In the records below, reproduce exactly the lines from the one containing "24直播网3月15日讯 北京" through the one containing "Personalisieren Sie diesen", both included, and omit the pictures.
** Opening Information block **
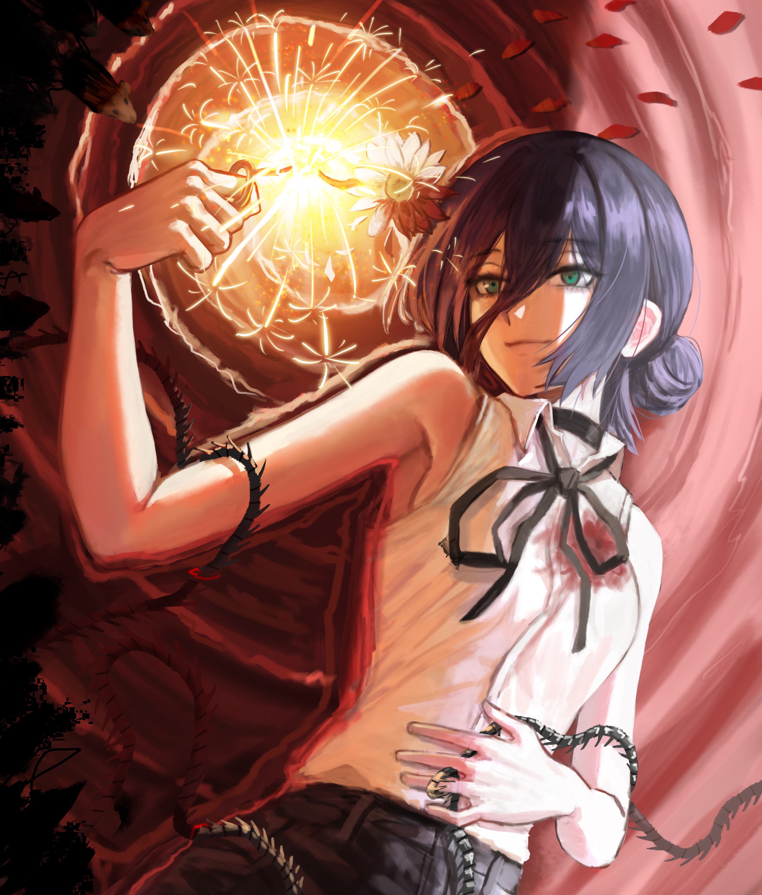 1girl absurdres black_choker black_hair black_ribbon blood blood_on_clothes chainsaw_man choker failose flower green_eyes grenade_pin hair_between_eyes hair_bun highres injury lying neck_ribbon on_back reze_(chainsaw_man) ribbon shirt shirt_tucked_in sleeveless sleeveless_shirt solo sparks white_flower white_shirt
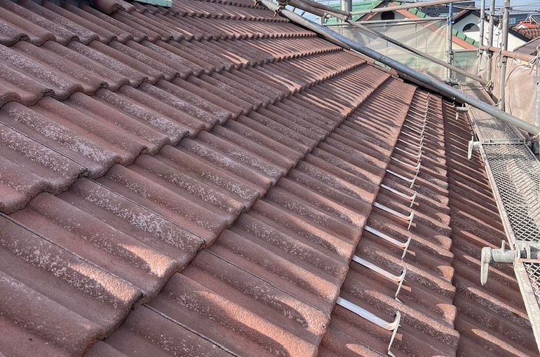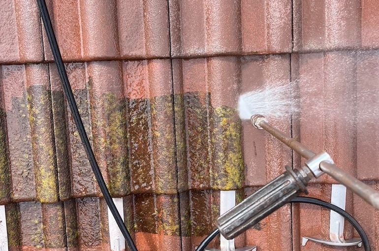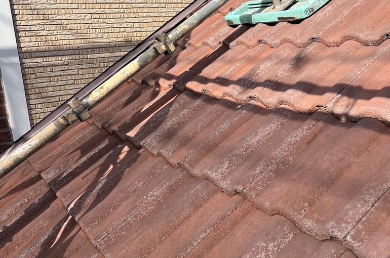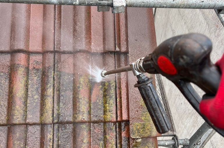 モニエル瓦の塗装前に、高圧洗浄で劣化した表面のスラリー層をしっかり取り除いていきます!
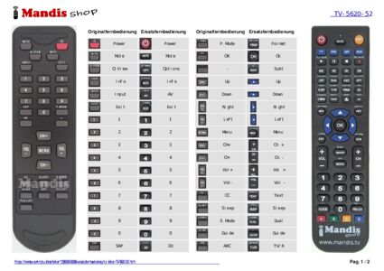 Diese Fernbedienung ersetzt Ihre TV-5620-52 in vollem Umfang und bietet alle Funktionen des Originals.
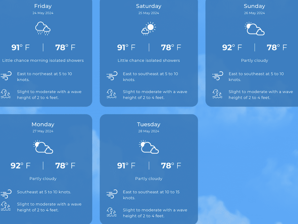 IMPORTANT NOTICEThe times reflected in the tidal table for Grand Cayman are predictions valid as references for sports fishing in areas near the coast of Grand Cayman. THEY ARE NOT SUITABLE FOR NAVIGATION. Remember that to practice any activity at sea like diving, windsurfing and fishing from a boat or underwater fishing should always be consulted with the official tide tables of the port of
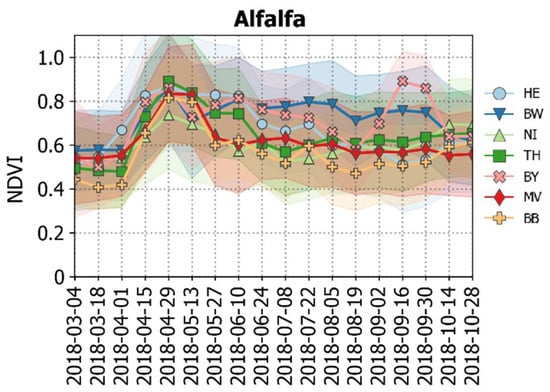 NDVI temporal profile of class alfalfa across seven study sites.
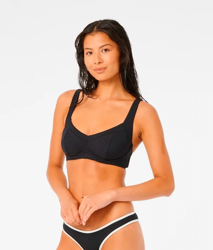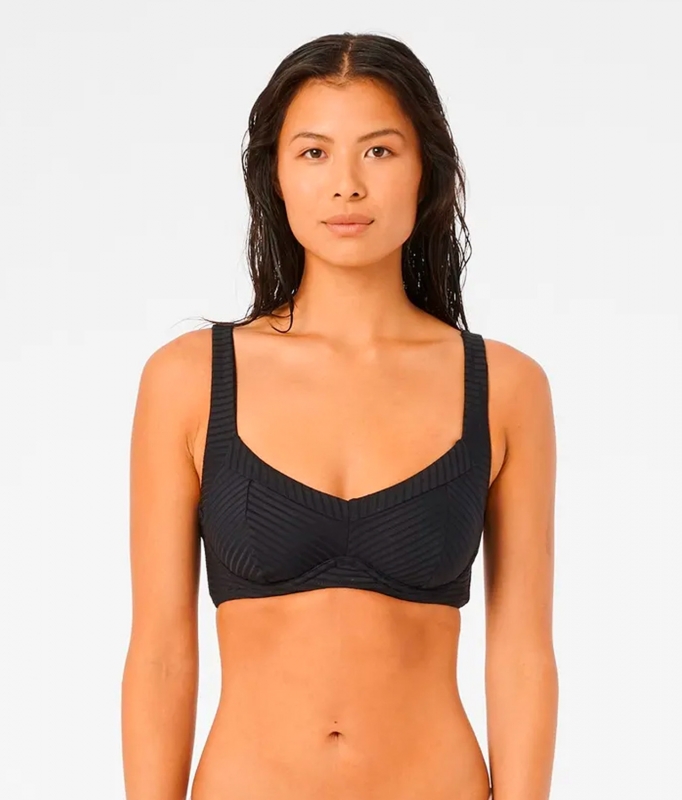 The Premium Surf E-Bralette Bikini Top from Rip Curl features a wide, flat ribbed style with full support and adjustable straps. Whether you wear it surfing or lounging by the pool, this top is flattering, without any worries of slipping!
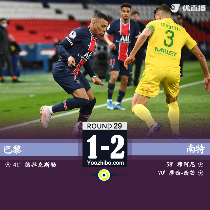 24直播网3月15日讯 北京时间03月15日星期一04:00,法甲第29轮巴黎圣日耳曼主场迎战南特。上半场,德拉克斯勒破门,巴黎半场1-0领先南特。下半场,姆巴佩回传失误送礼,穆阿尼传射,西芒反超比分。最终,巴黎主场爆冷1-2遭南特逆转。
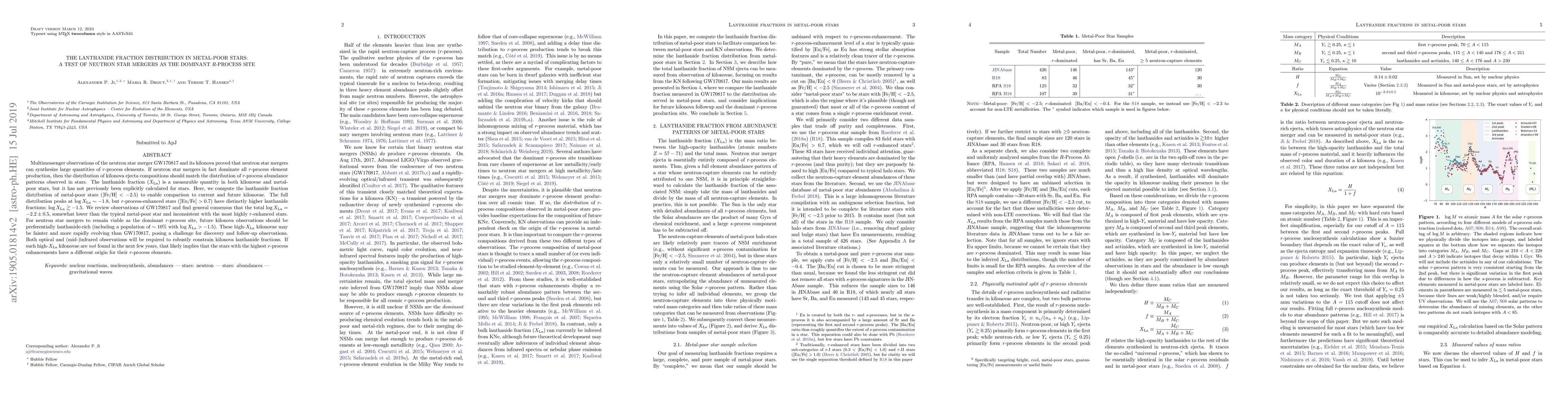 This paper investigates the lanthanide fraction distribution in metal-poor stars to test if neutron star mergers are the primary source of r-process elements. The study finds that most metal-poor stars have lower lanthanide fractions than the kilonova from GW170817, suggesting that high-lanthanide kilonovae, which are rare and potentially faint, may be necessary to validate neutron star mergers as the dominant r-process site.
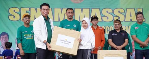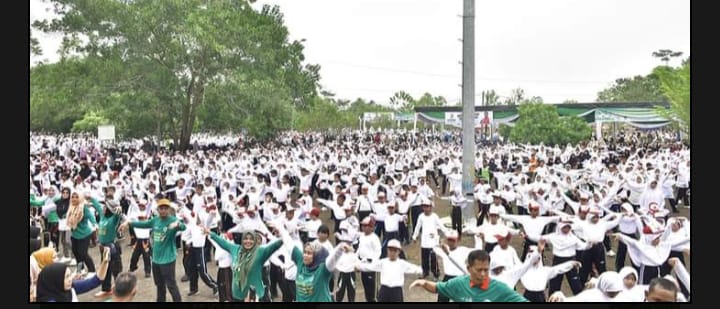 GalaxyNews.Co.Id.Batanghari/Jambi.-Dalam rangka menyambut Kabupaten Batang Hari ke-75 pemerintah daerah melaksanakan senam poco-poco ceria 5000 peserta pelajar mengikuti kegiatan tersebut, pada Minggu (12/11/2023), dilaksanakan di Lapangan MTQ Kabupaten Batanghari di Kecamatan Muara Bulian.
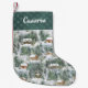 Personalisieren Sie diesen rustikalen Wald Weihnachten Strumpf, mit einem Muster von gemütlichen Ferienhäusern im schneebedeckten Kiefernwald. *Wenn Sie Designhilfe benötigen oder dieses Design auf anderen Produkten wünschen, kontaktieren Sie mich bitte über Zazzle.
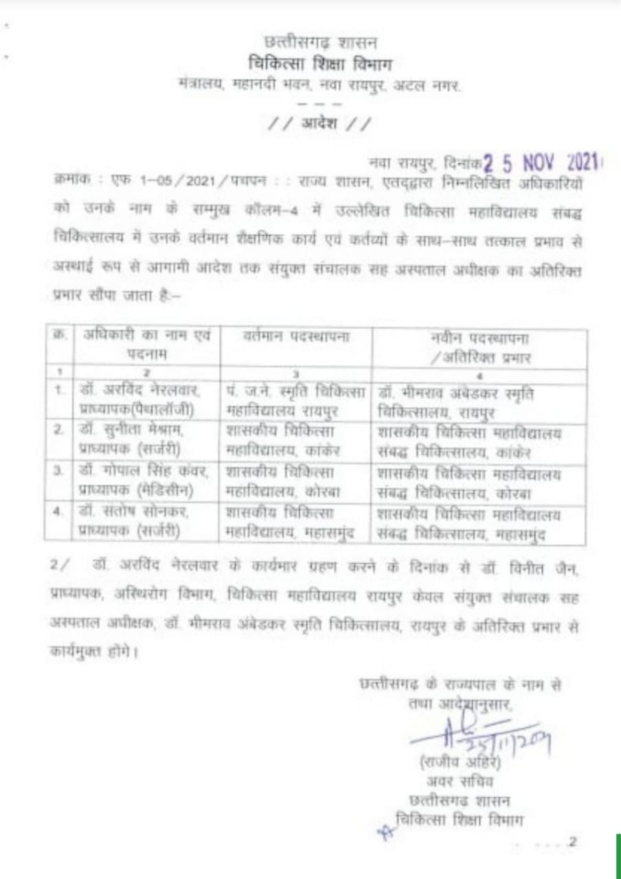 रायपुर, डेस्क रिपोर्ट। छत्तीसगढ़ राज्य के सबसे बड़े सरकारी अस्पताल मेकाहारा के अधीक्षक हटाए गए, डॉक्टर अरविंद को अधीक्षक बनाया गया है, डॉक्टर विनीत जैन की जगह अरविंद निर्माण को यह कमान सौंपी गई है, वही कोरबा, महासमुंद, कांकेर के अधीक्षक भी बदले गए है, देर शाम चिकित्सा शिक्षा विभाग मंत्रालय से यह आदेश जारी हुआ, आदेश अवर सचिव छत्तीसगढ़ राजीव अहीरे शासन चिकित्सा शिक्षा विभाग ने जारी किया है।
** Closing Information block **
** Opening Information block **
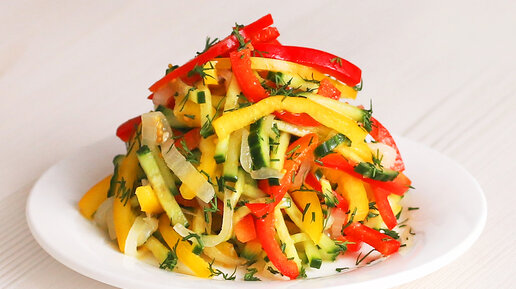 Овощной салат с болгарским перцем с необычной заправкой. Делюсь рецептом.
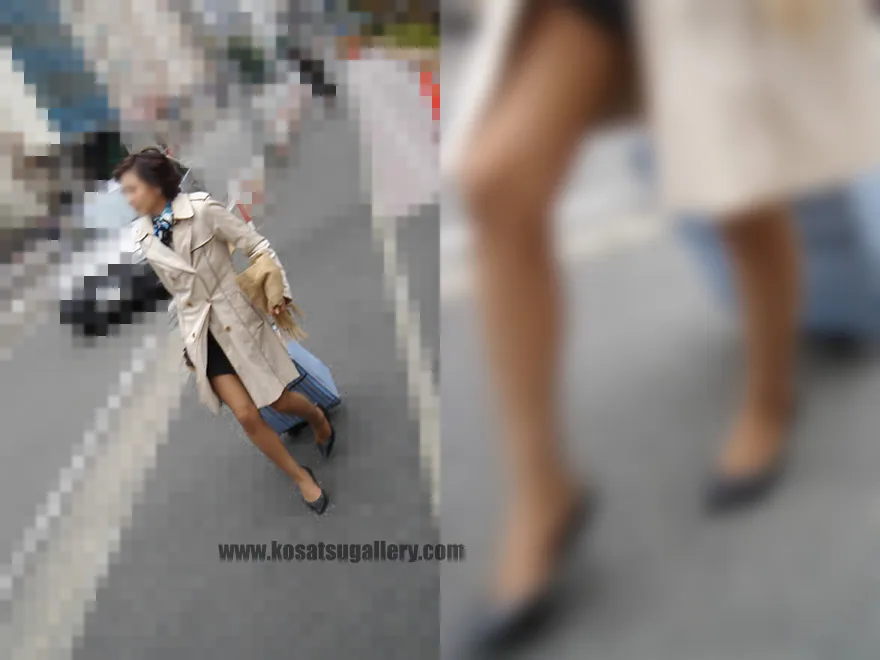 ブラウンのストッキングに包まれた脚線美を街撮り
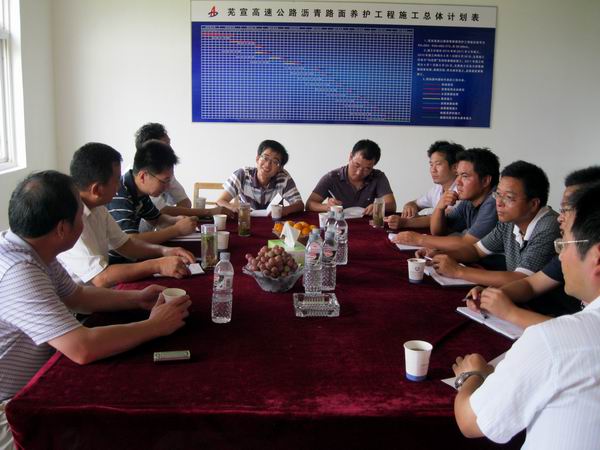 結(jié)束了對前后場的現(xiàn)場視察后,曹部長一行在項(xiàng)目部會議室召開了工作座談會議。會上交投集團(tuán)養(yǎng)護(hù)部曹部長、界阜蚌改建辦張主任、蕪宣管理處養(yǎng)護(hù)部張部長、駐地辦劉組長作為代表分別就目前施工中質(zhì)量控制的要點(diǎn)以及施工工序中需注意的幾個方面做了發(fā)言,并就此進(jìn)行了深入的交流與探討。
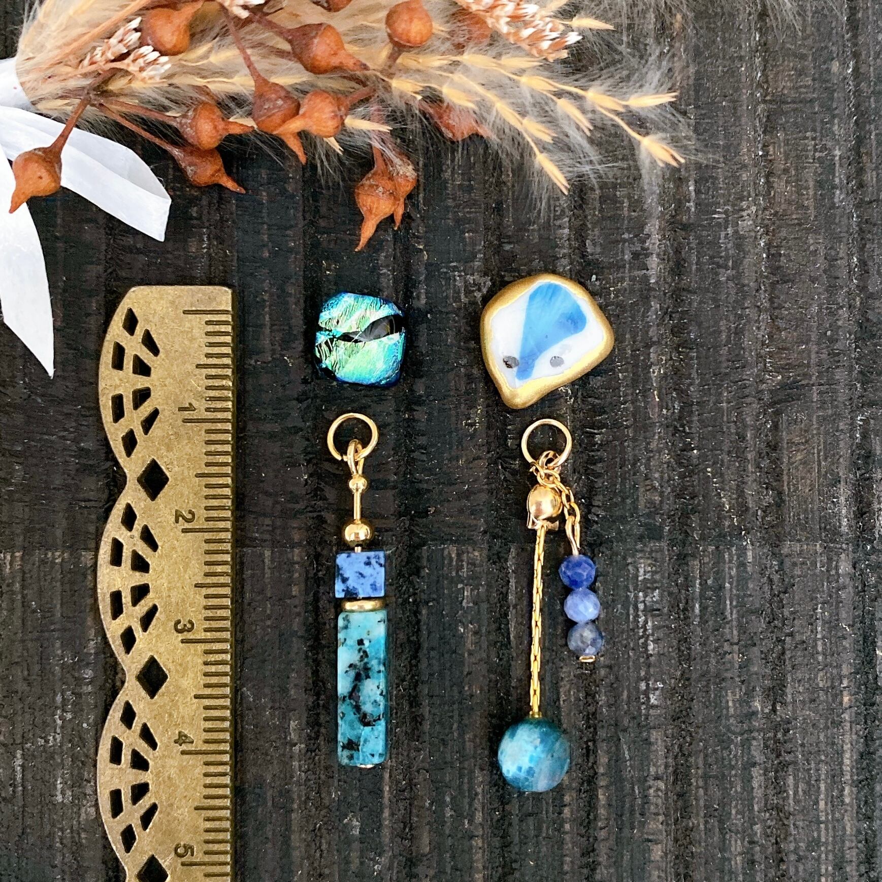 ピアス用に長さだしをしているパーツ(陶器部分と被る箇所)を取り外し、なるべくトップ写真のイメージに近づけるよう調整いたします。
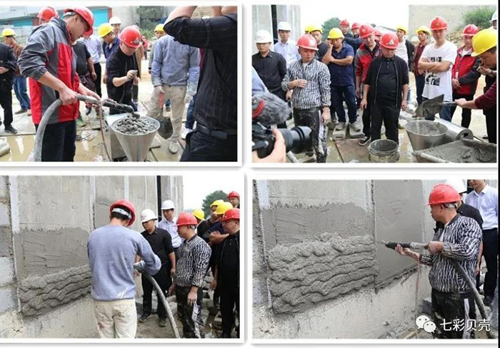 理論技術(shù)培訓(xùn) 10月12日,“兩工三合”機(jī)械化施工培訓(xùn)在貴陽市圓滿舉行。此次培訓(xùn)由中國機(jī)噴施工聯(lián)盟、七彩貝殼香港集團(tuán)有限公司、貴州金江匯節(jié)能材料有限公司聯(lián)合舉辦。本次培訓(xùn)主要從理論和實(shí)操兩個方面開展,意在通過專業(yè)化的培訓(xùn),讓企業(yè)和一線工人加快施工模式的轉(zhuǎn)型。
** Closing Information block **
▶ _Your solution_
 24直播网3月15日讯 北京时间03月15日星期一04:00,法甲第29轮巴黎圣日耳曼主场迎战南特。上半场,德拉克斯勒破门,巴黎半场1-0领先南特。下半场,姆巴佩回传失误送礼,穆阿尼传射,西芒反超比分。最终,巴黎主场爆冷1-2遭南特逆转。
 This paper investigates the lanthanide fraction distribution in metal-poor stars to test if neutron star mergers are the primary source of r-process elements. The study finds that most metal-poor stars have lower lanthanide fractions than the kilonova from GW170817, suggesting that high-lanthanide kilonovae, which are rare and potentially faint, may be necessary to validate neutron star mergers as the dominant r-process site.
 GalaxyNews.Co.Id.Batanghari/Jambi.-Dalam rangka menyambut Kabupaten Batang Hari ke-75 pemerintah daerah melaksanakan senam poco-poco ceria 5000 peserta pelajar mengikuti kegiatan tersebut, pada Minggu (12/11/2023), dilaksanakan di Lapangan MTQ Kabupaten Batanghari di Kecamatan Muara Bulian.
 Personalisieren Sie diesen rustikalen Wald Weihnachten Strumpf, mit einem Muster von gemütlichen Ferienhäusern im schneebedeckten Kiefernwald. *Wenn Sie Designhilfe benötigen oder dieses Design auf anderen Produkten wünschen, kontaktieren Sie mich bitte über Zazzle.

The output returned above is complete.